(Source records)
━━━━━━
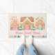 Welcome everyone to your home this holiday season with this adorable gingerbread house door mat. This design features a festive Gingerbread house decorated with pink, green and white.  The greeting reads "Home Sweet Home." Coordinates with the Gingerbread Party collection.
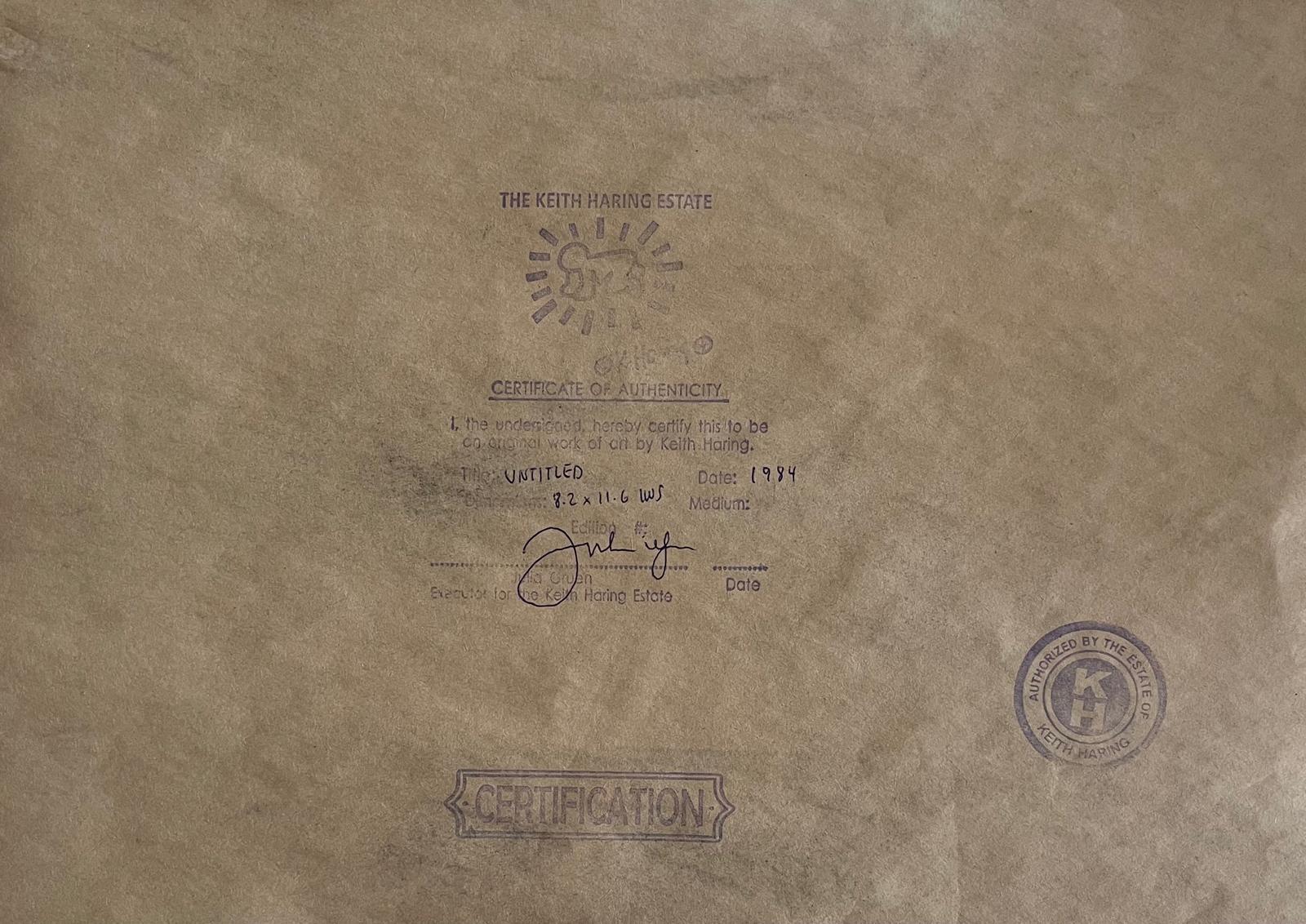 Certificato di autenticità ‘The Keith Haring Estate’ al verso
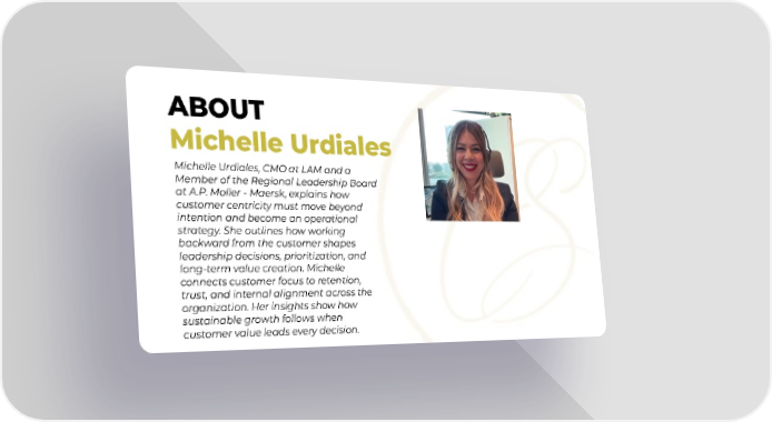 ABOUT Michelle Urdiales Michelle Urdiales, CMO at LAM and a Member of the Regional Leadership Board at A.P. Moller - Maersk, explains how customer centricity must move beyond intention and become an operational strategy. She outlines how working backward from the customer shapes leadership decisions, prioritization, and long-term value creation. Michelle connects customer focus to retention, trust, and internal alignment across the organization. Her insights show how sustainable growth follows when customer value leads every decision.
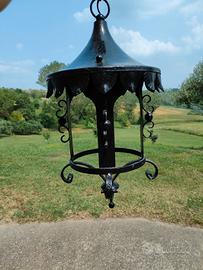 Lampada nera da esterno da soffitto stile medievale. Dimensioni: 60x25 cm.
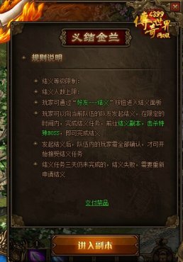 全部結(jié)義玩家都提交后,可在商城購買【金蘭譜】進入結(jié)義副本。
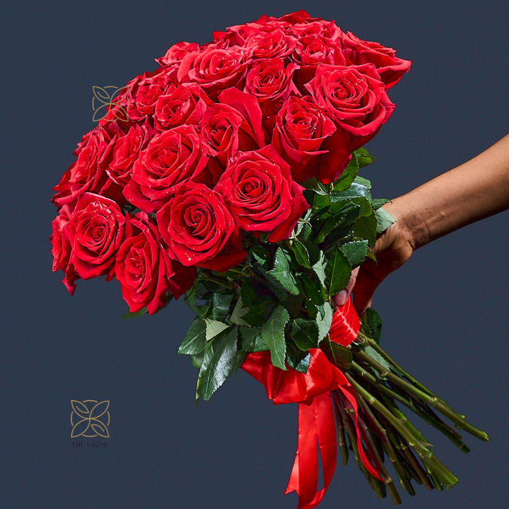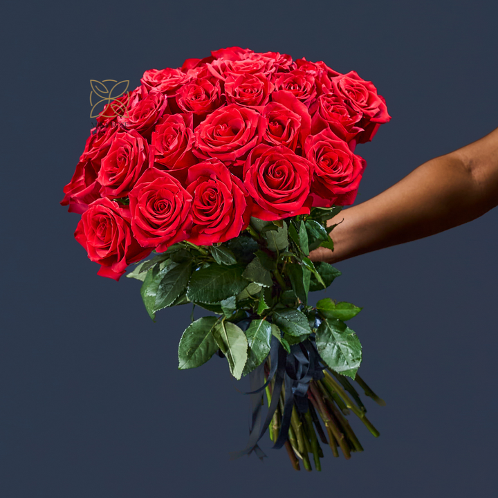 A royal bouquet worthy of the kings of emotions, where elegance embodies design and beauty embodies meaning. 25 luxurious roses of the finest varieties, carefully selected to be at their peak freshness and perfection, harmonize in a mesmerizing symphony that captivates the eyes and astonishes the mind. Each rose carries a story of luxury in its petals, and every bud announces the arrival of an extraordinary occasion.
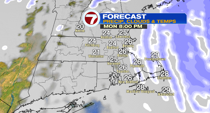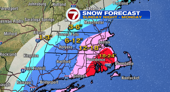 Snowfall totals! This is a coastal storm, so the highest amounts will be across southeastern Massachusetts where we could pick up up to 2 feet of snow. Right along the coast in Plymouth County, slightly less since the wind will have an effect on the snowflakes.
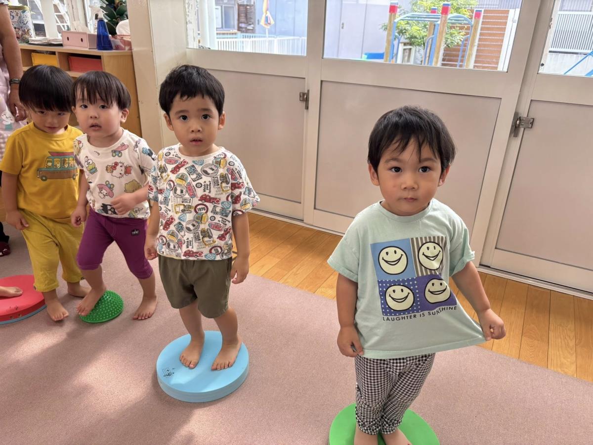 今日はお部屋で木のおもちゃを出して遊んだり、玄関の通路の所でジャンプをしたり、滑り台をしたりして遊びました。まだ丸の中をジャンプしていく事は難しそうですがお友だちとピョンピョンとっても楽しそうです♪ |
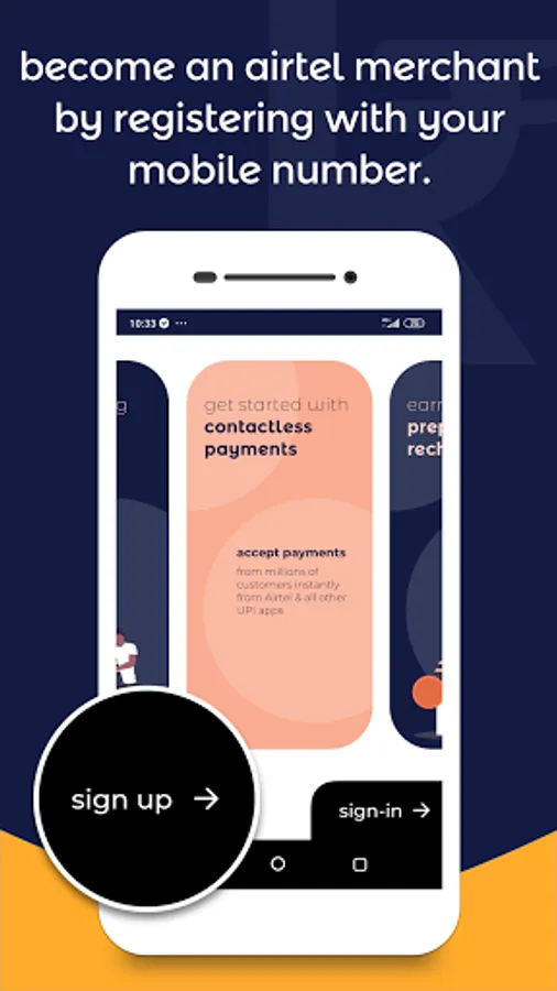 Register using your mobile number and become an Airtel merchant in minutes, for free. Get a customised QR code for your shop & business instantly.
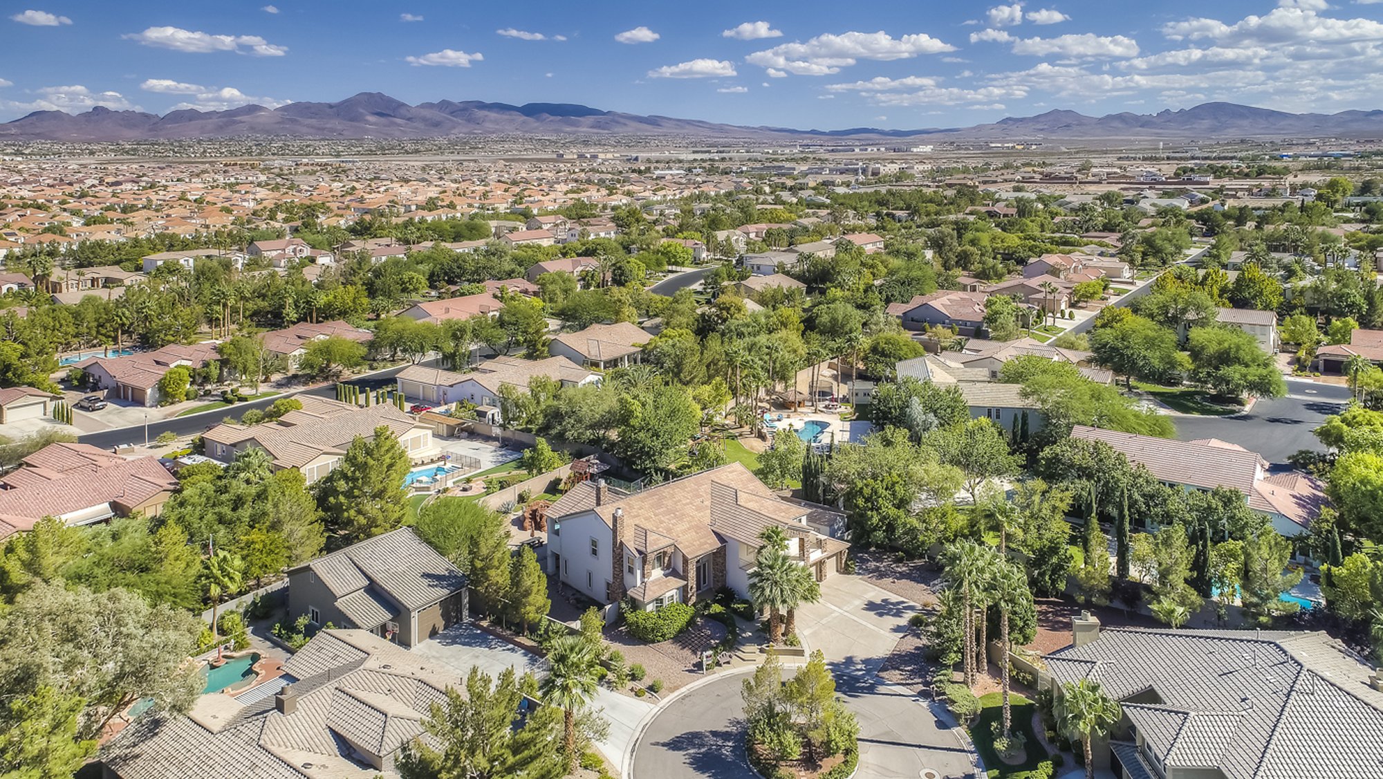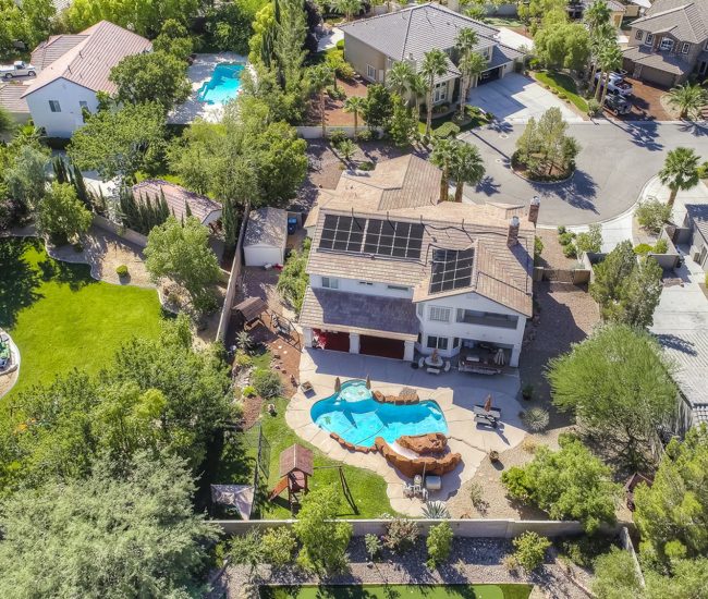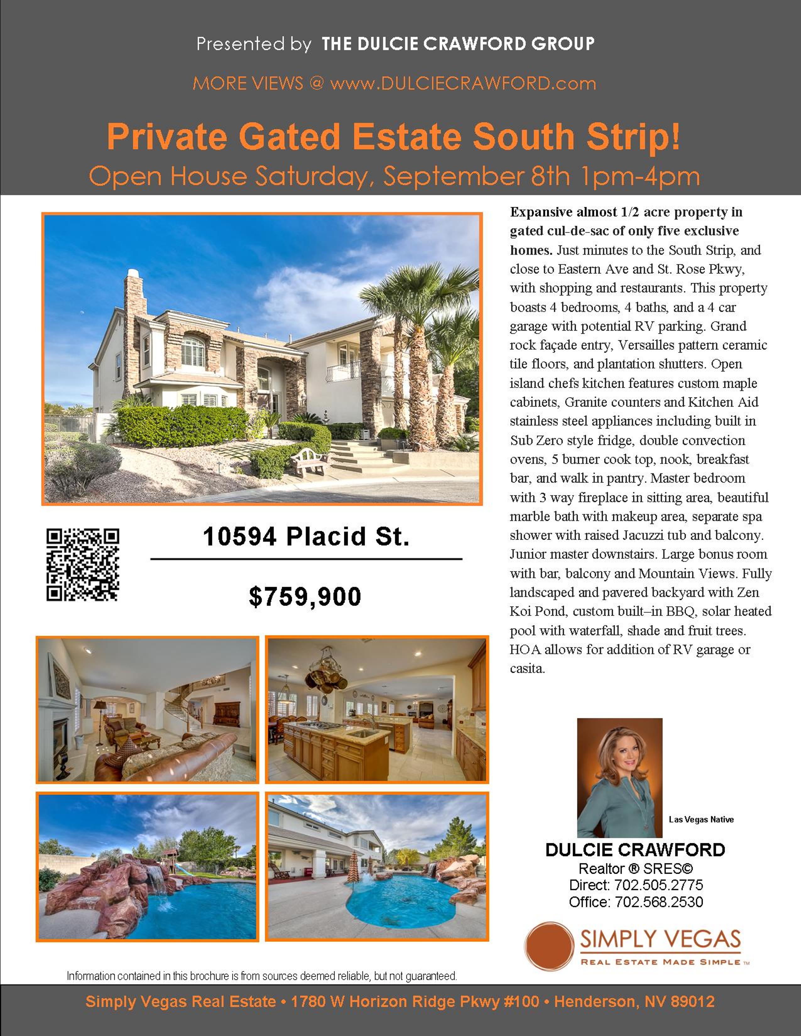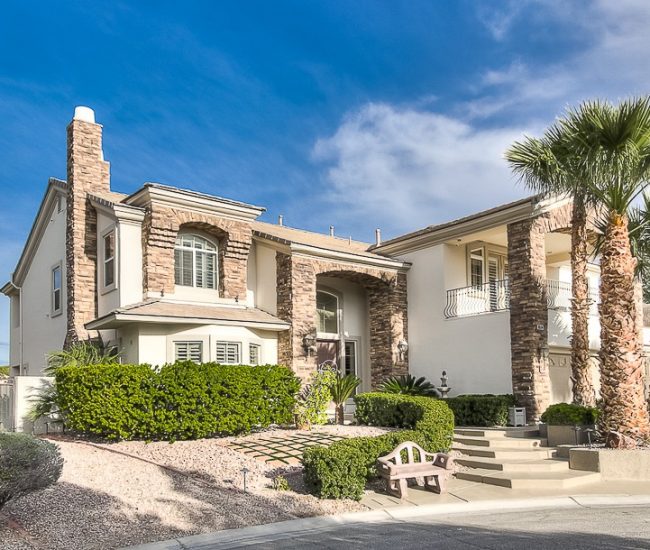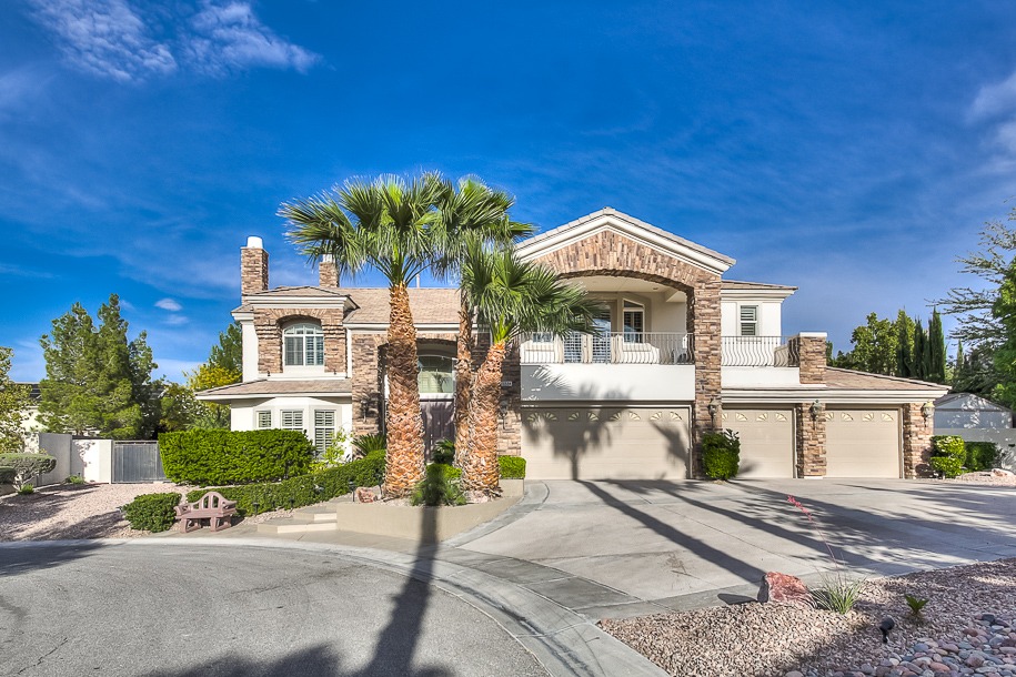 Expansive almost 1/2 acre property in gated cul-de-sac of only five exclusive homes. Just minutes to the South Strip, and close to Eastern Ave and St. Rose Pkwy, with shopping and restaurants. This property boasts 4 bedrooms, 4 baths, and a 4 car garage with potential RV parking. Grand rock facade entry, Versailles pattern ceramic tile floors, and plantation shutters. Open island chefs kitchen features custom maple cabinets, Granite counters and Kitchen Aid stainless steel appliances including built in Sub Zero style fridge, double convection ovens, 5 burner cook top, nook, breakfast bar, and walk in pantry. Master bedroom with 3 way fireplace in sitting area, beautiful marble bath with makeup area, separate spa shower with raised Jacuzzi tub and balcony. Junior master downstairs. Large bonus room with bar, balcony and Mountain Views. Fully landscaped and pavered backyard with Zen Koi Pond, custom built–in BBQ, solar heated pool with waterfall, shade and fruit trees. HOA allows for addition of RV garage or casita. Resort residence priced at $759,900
━━━━━━
## Task objective
Keep the pictures out and print all the records exactly as they are.

## Answer space
 Welcome everyone to your home this holiday season with this adorable gingerbread house door mat. This design features a festive Gingerbread house decorated with pink, green and white.  The greeting reads "Home Sweet Home." Coordinates with the Gingerbread Party collection.
 Certificato di autenticità ‘The Keith Haring Estate’ al verso
 ABOUT Michelle Urdiales Michelle Urdiales, CMO at LAM and a Member of the Regional Leadership Board at A.P. Moller - Maersk, explains how customer centricity must move beyond intention and become an operational strategy. She outlines how working backward from the customer shapes leadership decisions, prioritization, and long-term value creation. Michelle connects customer focus to retention, trust, and internal alignment across the organization. Her insights show how sustainable growth follows when customer value leads every decision.
 Lampada nera da esterno da soffitto stile medievale. Dimensioni: 60x25 cm.
 全部結(jié)義玩家都提交后,可在商城購買【金蘭譜】進入結(jié)義副本。
 A royal bouquet worthy of the kings of emotions, where elegance embodies design and beauty embodies meaning. 25 luxurious roses of the finest varieties, carefully selected to be at their peak freshness and perfection, harmonize in a mesmerizing symphony that captivates the eyes and astonishes the mind. Each rose carries a story of luxury in its petals, and every bud announces the arrival of an extraordinary occasion.
 Snowfall totals! This is a coastal storm, so the highest amounts will be across southeastern Massachusetts where we could pick up up to 2 feet of snow. Right along the coast in Plymouth County, slightly less since the wind will have an effect on the snowflakes.
 今日はお部屋で木のおもちゃを出して遊んだり、玄関の通路の所でジャンプをしたり、滑り台をしたりして遊びました。まだ丸の中をジャンプしていく事は難しそうですがお友だちとピョンピョンとっても楽しそうです♪ |
 Register using your mobile number and become an Airtel merchant in minutes, for free. Get a customised QR code for your shop & business instantly.
 Expansive almost 1/2 acre property in gated cul-de-sac of only five exclusive homes. Just minutes to the South Strip, and close to Eastern Ave and St. Rose Pkwy, with shopping and restaurants. This property boasts 4 bedrooms, 4 baths, and a 4 car garage with potential RV parking. Grand rock facade entry, Versailles pattern ceramic tile floors, and plantation shutters. Open island chefs kitchen features custom maple cabinets, Granite counters and Kitchen Aid stainless steel appliances including built in Sub Zero style fridge, double convection ovens, 5 burner cook top, nook, breakfast bar, and walk in pantry. Master bedroom with 3 way fireplace in sitting area, beautiful marble bath with makeup area, separate spa shower with raised Jacuzzi tub and balcony. Junior master downstairs. Large bonus room with bar, balcony and Mountain Views. Fully landscaped and pavered backyard with Zen Koi Pond, custom built–in BBQ, solar heated pool with waterfall, shade and fruit trees. HOA allows for addition of RV garage or casita. Resort residence priced at $759,900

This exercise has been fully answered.